Please set down only the lines below starting with the line with "Έρευνα ζήτησε ο" and going on through the line with "6*65 mm100 accesorios", verbatim and without pictures.
>>>
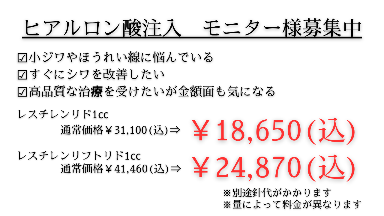 【池袋院】美容外科専門医・川野先生のヒアルロン酸モニター様大募集
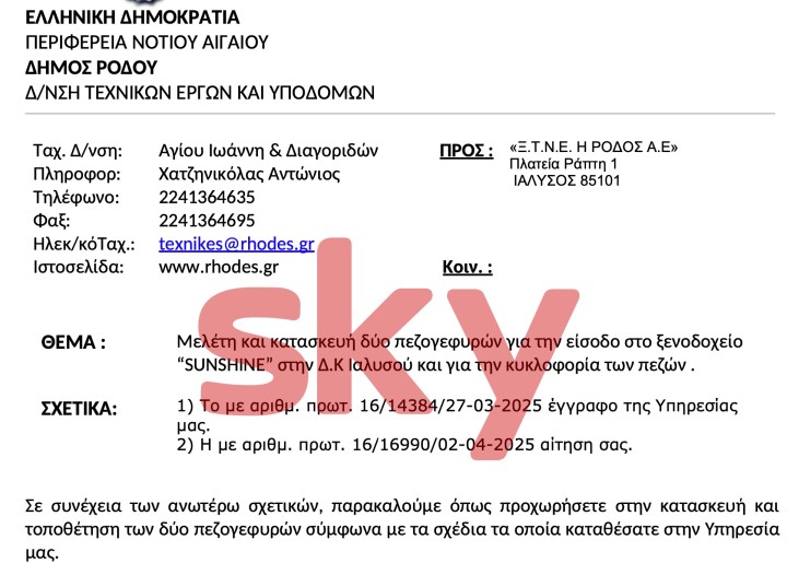 Έρευνα ζήτησε ο Δήμαρχος Ρόδου για την άδεια που έδωσαν οι τεχνικές υπηρεσίες του Δήμου Ρόδου για τη γέφυρα του ξενοδοχείου στην Ιαλυσό
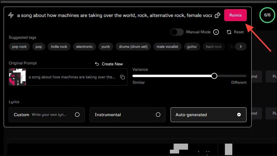 - В этом случае Udio также будет полагаться на исходное приглашение, но вы можете изменить его для ремикса. Если вы удовлетворены результатом, нажмите кнопку «Ремикс».
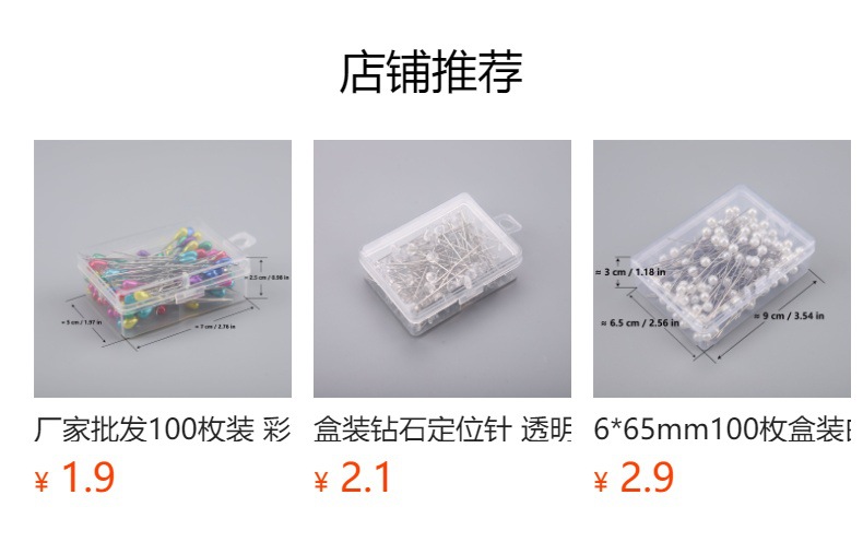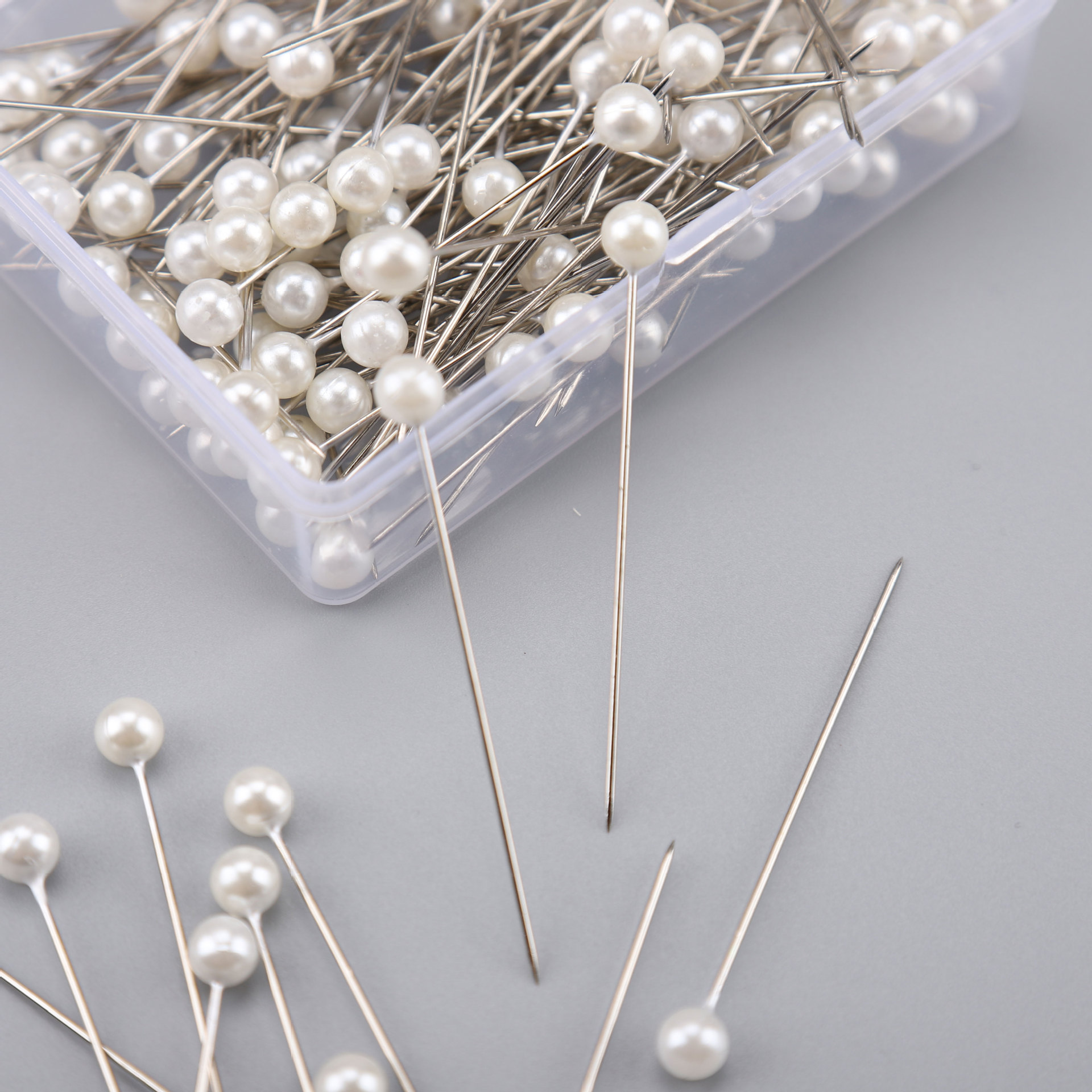 6*65 mm100 accesorios en caja, aguja decorativa fija, aguja perlada brillante, aguja perlada blanca
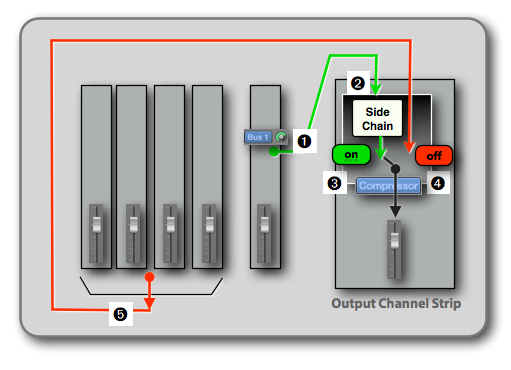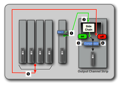 - Compressor On: You configure the Compressor (one button that I show in the next section) so the Compressor passes the Side Chain signal (Bus 1 = Reference Track signal) through to its output ➌. That means, you only will hear the Reference Track on the Output Channel Strip.
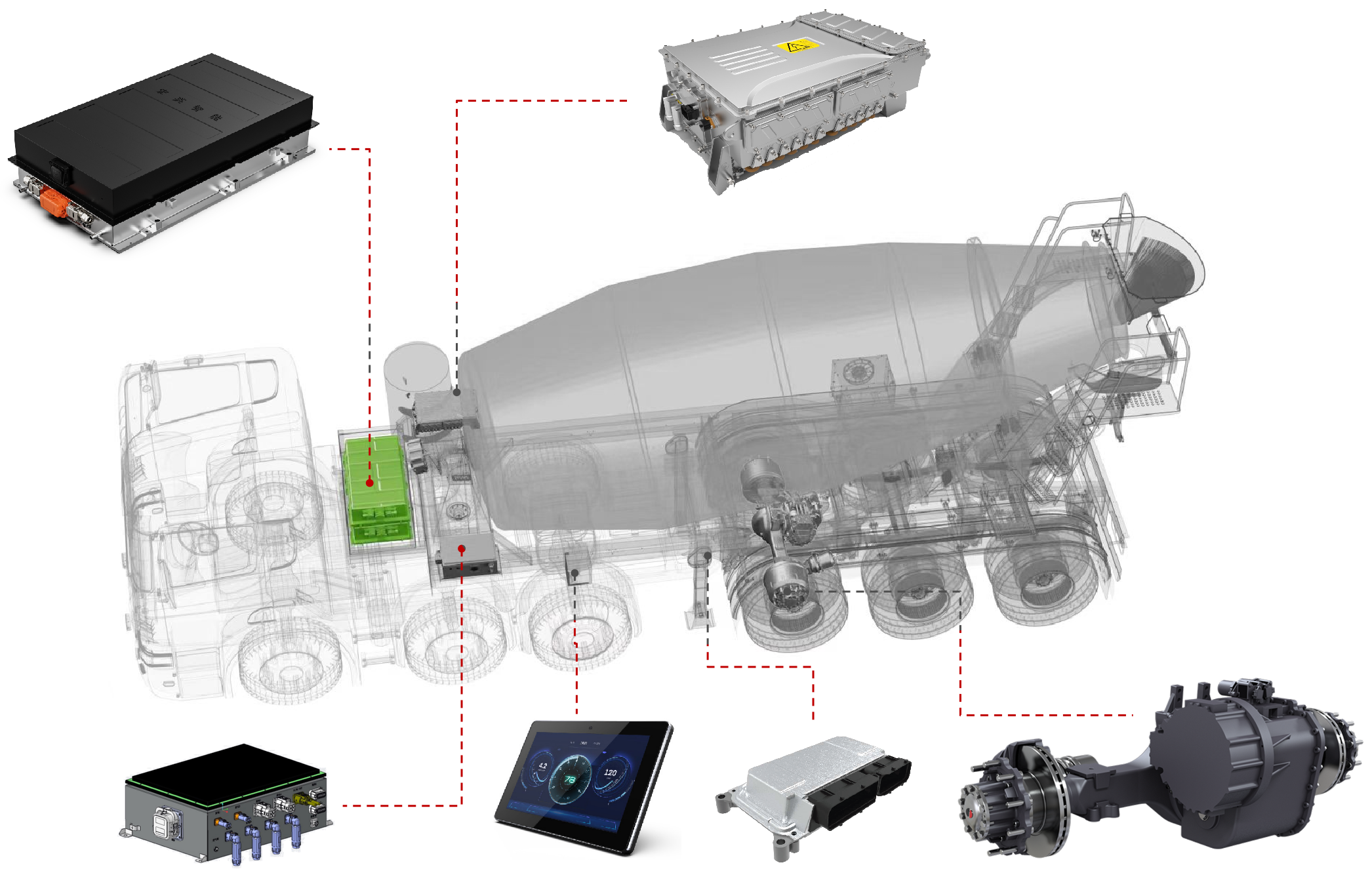聯合研發的混合動力牽引攪拌半掛車,以其開創性的頭掛一體智能驅動技術,開辟了綠色高效商砼運輸的新天地。它集成了先進的混合動力技術,實現了混凝土攪拌運輸車產品高效能、低排放、輕量化、智能化的目標,引領混凝土行業對高品質攪拌運輸車的需求。
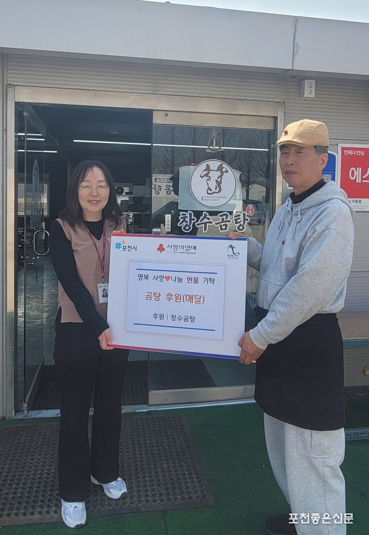 영북면 행정복지센터는 창수면에 소재한 창수곰탕(대표 곽용호)이 지난 3월26일 지역사회 나눔 실천의 일환으로 영북면 저소득 식사취약계층을 위해 매월 곰탕을 정기 후원하기로 했다고 밝혔다.
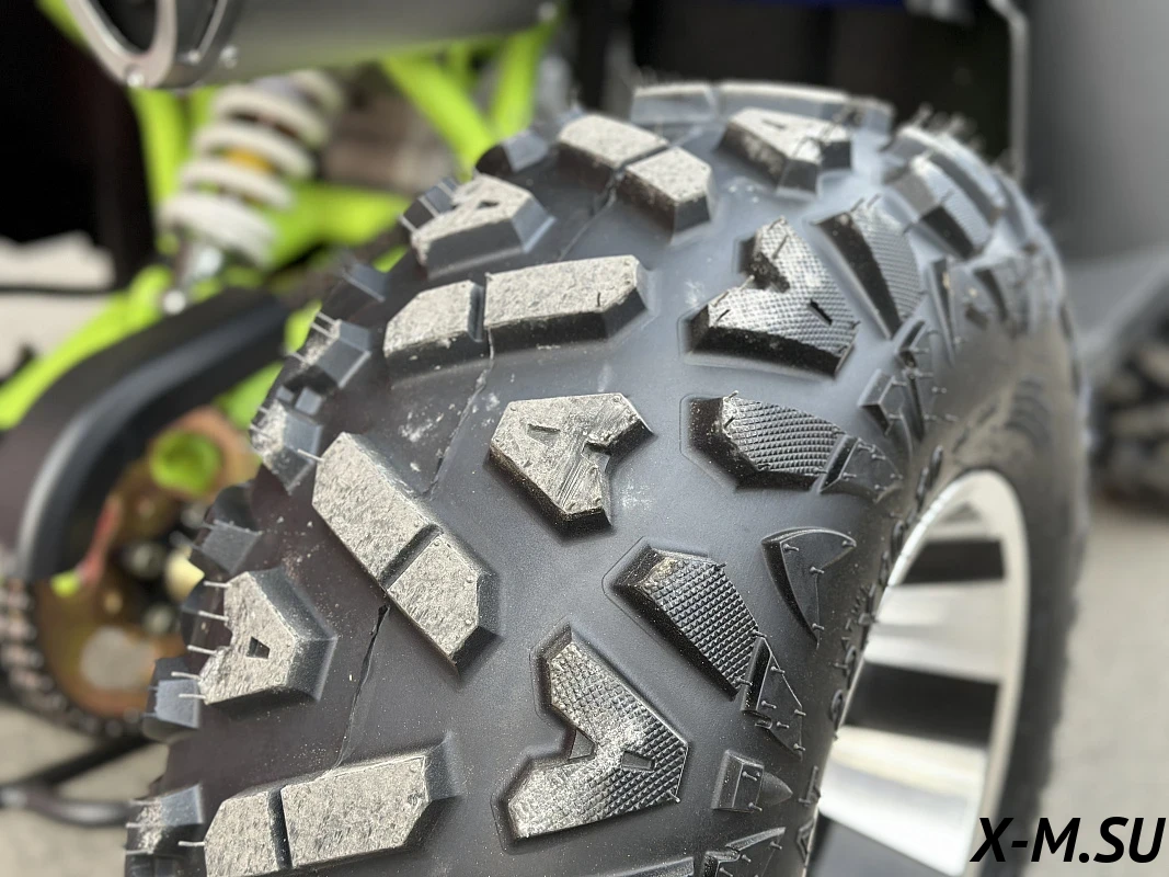 Соответствующая названию высокая мобильность, гарантия за счет резины, повышенная проходимость AT22x7-10 на передней оси и AT22x10-9 на задней, а также гидравлических дисковых тормозов.
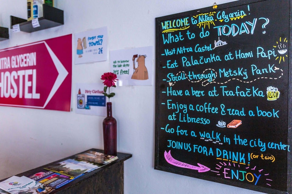 ニトラ グリセリン ホステルはニトラにあります。スロバキア農業野外ミュージアムとMěstské Museumは地域の人気カルチャースポット。コルゴンや黒死病の柱も見どころです。 駐車場 (無料)付きのニトラのホステルスナックバー / デリ、コーヒーショップ / カフェ、およびドライクリーニングがあるホステルです。共用エリアでの WiFi (無料)および セルフパーキング (無料)もご利用いただけます。その他に、敷地内にはランドリー設備、ゲームコーナー、および図書室があります。ニトラ グリセリン ホステルには冷房が備わる 8 室の客室があります。ケーブルテレビが備わっています。バスルームにはシャワーがあります。 ニトラにあるこのホステルでは、無料 WiFi をご利用いただけます。ハウスキーピングは毎日行われます。
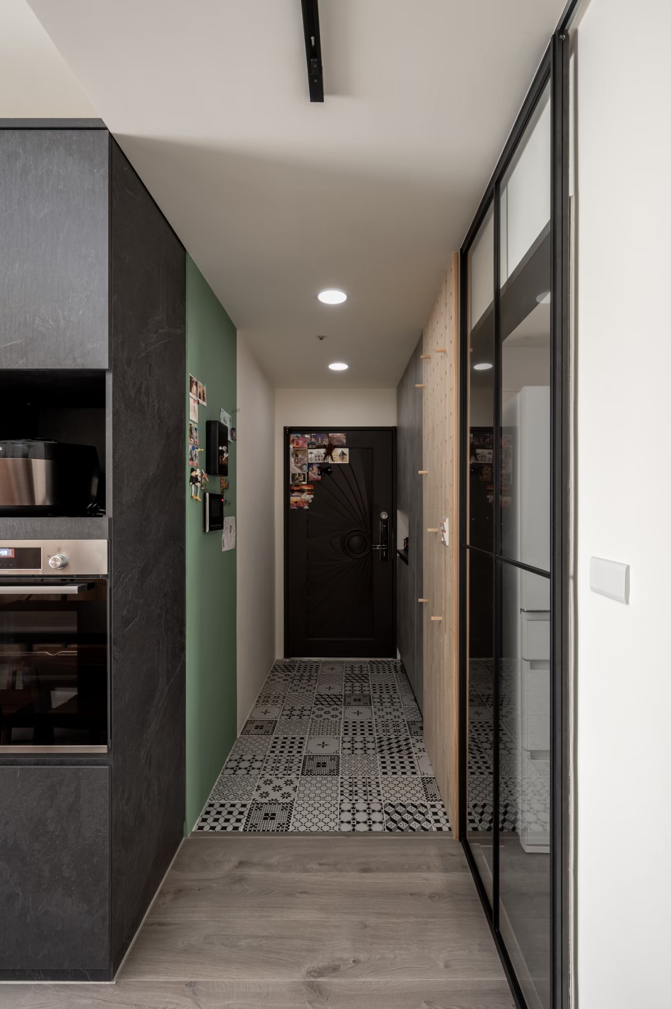 玄關的長廊有著滿滿的回憶牆,透露出一家人之間緊密的情感。
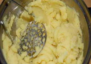 Картофель сварился, сливаем воду, переталкиваем, добавляем кусочек масла – переталкиваем, добавляем 10 ст. ложек теплого молока и ещё раз переталкиваем.
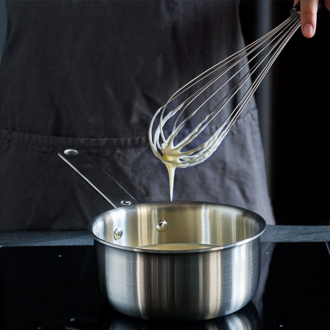 Unlike cheaper plastic or silicone whisks, our whisk is made of stainless steel with a G10 composite handle. This means you don’t have to worry about your whisk melting if you accidentally leave it in the pot—and you can look forward to the best whisking comfort, thanks to the composite handle.
<<<
:: The completed task ::
 Έρευνα ζήτησε ο Δήμαρχος Ρόδου για την άδεια που έδωσαν οι τεχνικές υπηρεσίες του Δήμου Ρόδου για τη γέφυρα του ξενοδοχείου στην Ιαλυσό
 - В этом случае Udio также будет полагаться на исходное приглашение, но вы можете изменить его для ремикса. Если вы удовлетворены результатом, нажмите кнопку «Ремикс».
 6*65 mm100 accesorios en caja, aguja decorativa fija, aguja perlada brillante, aguja perlada blanca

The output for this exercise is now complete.